104. Yampa River near confluence with Green River, Colorado.jpg

Yampa River near Confluence with Green River, Colorado

Mirrored in the Yampa River, a 1,500-foot butte overlooks the convergence of two major tributaries of the Colorado River, marking the northern boundary of the red rock canyonlands. It is here, in Colorado’s northwest corner, that the green-blue waters of the Green River, cleared of its sediment by an upstream dam in Flaming Gorge, merge with the coffee-colored waterway of the free-flowing Yampa, the last of such rivers in the West. At this point, the converging rivers blend before being carried downstream by the current.

On June 17, 1869, after navigating a treacherous series of upstream rapids on the Green River, explorer John Wesley Powell camped with his crew at Echo Park, an open stretch of cottonwood trees and a large field of grasses adjacent to the confluence, marking a stop before their heroic passage through the Grand Canyon. In the shade of the same grove (if not all the same trees), my wife and our young children camped 123 years later. A few years later, the embankment gave way as the river changed course, eliminating the campsite and the grove.
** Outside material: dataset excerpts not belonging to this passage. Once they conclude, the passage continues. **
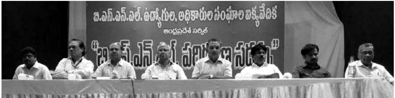
Leaders on the dias

operator's intention is profit orientation. After entering of BSNL into cell services call rates had come down from Rs.20/- to 0.20 paise. If the BSNL is not existing the private operators will had loot the general public. Speakers from all unions spoken about
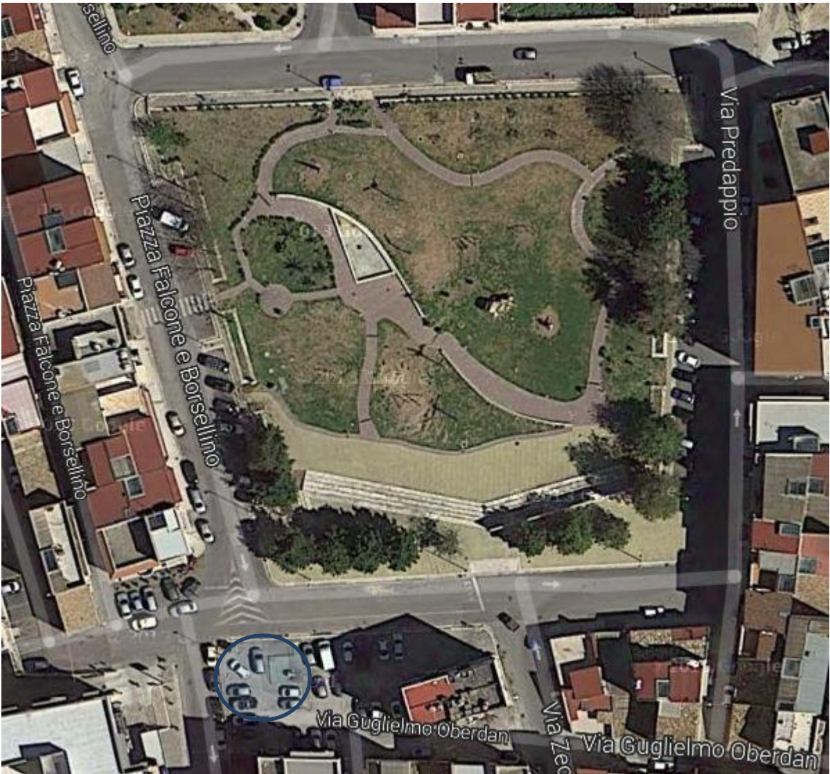
1) Piazza Falcone e Borsellino
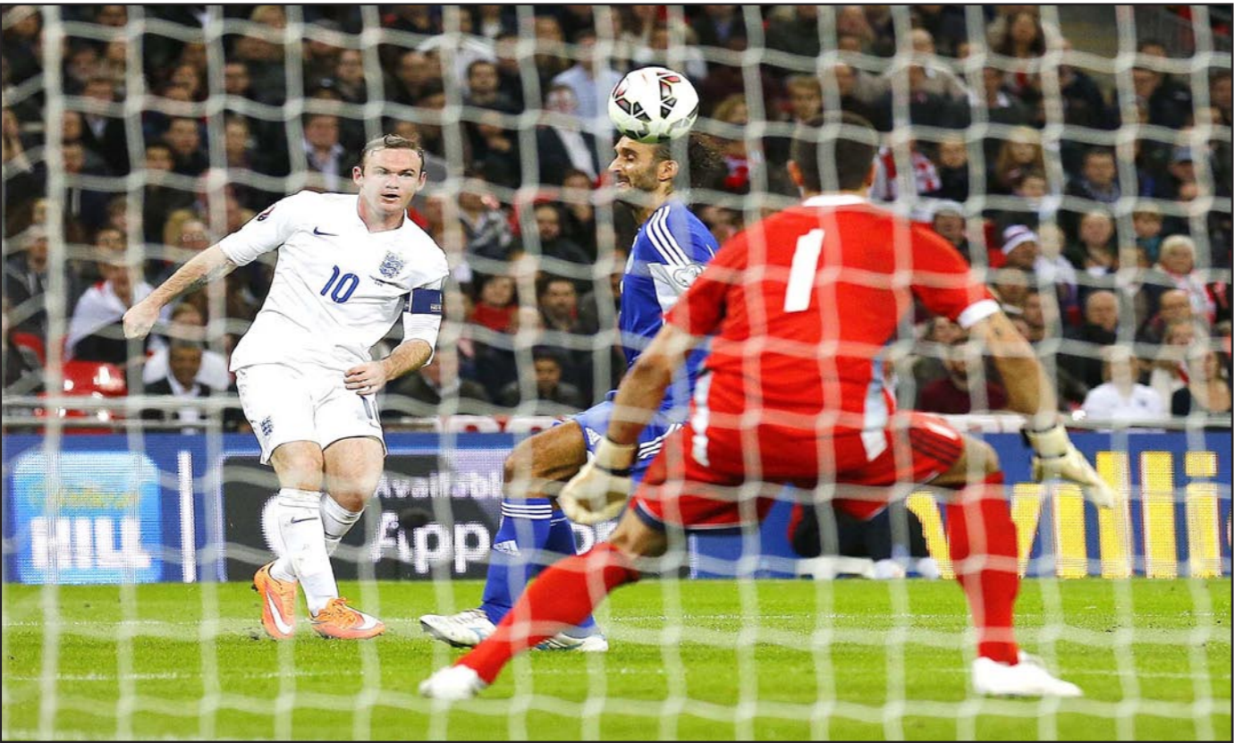
روني تائق مع المنتخب الانكليزي واقترب أكثر من لقب الهداف التاريخي

الجبل الأسود ليحصد صاحب الأرض أول نقطة له في التصفيات بينما اقتسم منتخب الجبل الأسود الصدارة مع روسيا والنمسا برصيد أربع نقاط لكل منها.
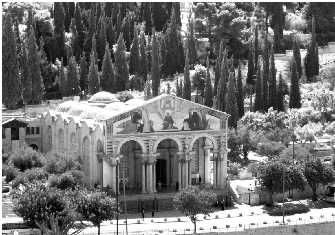
Храм всех наций или Базилика Агоии в Иерусалиме.
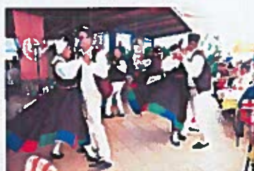
Mantinjada pul Ronjgi
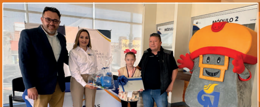
Por: Luis Baray
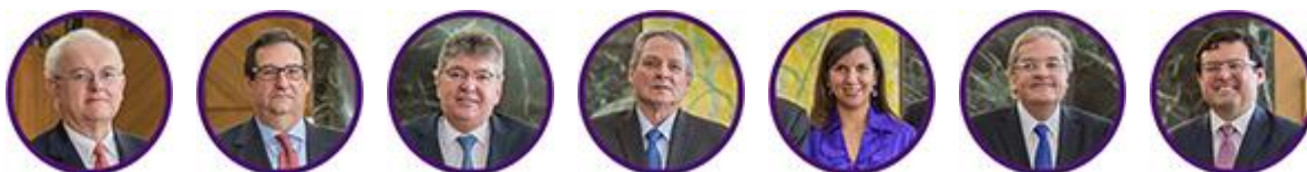
Junta Directiva del Banco de la República

El principal objetivo de la política monetaria es preservar la capacidad adquisitiva de la moneda, en coordinación con la política económica general, la cual propende por estabilizar el producto y el empleo en sus niveles sostenibles de largo plazo. Con este propósito, el Banco de la República busca generar las condiciones apropiadas para que la economía crezca de manera sostenible sin que se produzcan presiones inflacionarias y contribuir a la estabilidad macroeconómica y financiera.
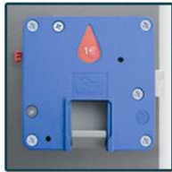
Cerradura con monedero.*
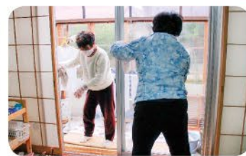
◀4月14日 五福神明支部 ボランティア班会 3名参加
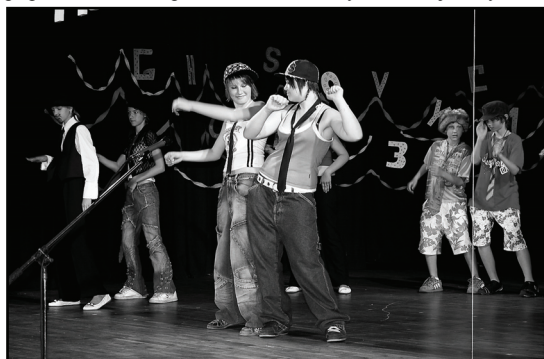
□ Ze školní akademie.

Tolik příprav, tolik těšení, obav i starostí to už od podzimu bylo – a vidíte, dlouho očekávaný termín – 30. květen až 1. červen je za námi... Dlužno říci, že dobrá věc se podařila: oslavy 666. výročí prvé zmínky o Častolovicích spojené s besedou o velké knize Častolovice Jiřího Václavíka (o němž píšeme na jiném místě), 100. výročí otevření Jubilejní obecné školy c. k. Františka Josefa ověnčené velkou výstavou ve škole současné, 30. výročí otevření moderní mateřské školy, jakož i letošní Mezinárodní den dětí 1. června už tedy patří do vzpomínek, ale připomeňme si alespoň některé momenty těchto zajímavých tří víkendových dní:
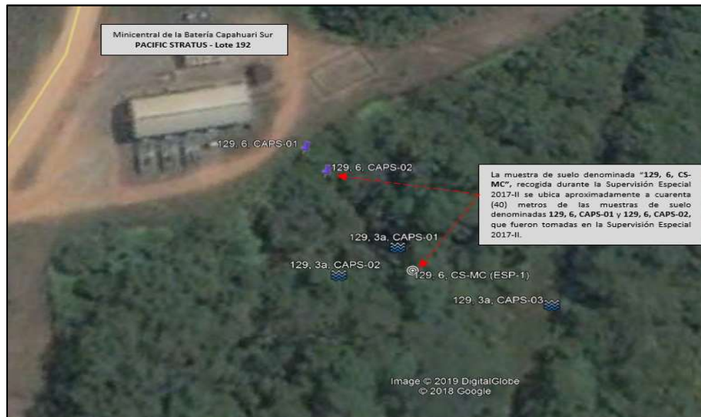
Imagen Satelital de los Puntos de Monitoreo tomados durante la Supervisión Especial 2017 I y 2017 II

Elaborado por: Dirección de Fiscalización y Aplicación de Incentivos.
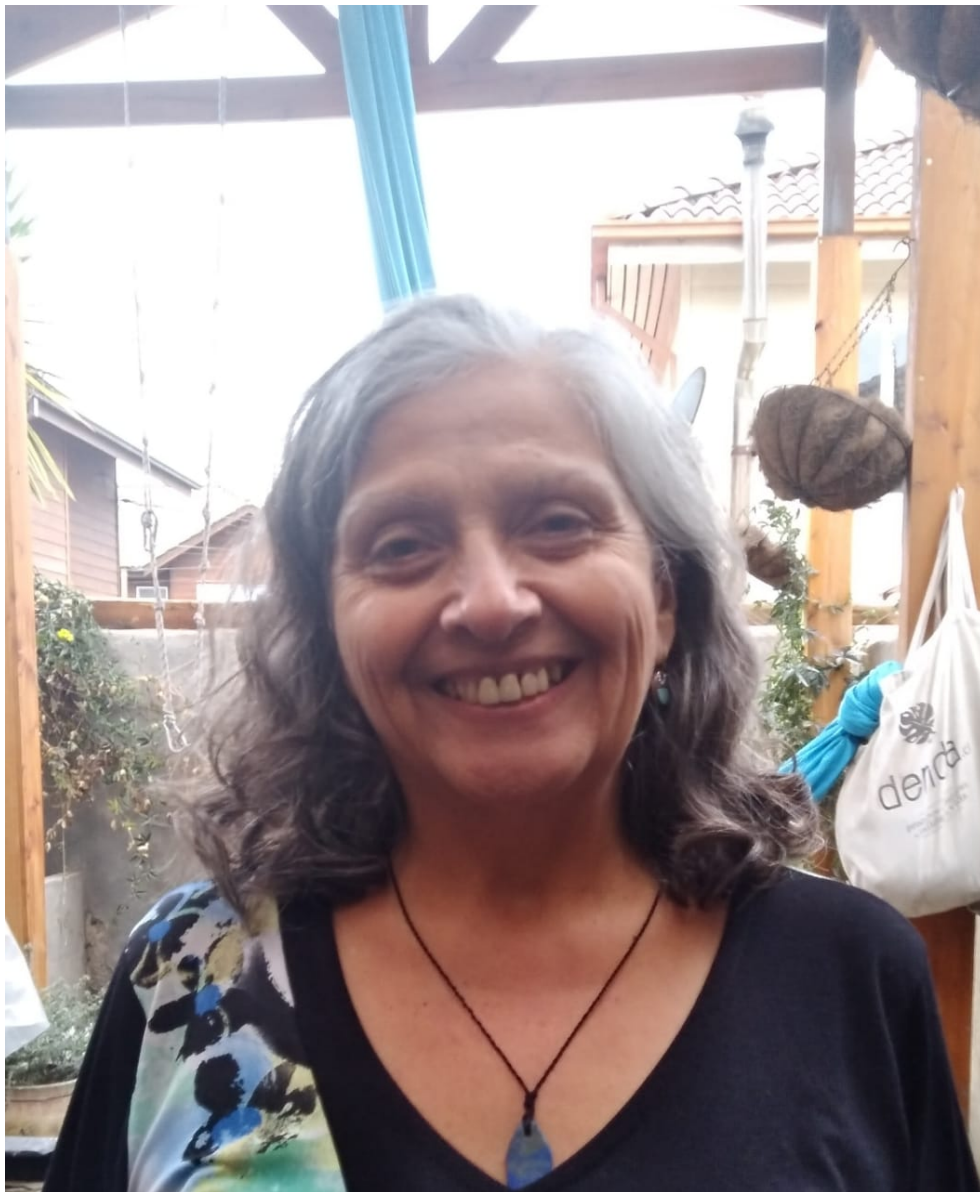
Predica Corazón Pm

In the late 19th century, Butch Cassidy and his infamous Wild Bunch passed through Echo Park as one of the stops along a series of escape routes and hideouts known as the Outlaw Trail. In the 1950s, Echo Park became the focus of a proposed dam just downstream from this confluence, which would have flooded portions of both river canyons and Echo Park. The resulting political battle led Congress to explicitly prohibit the construction of dams in national parks and monuments.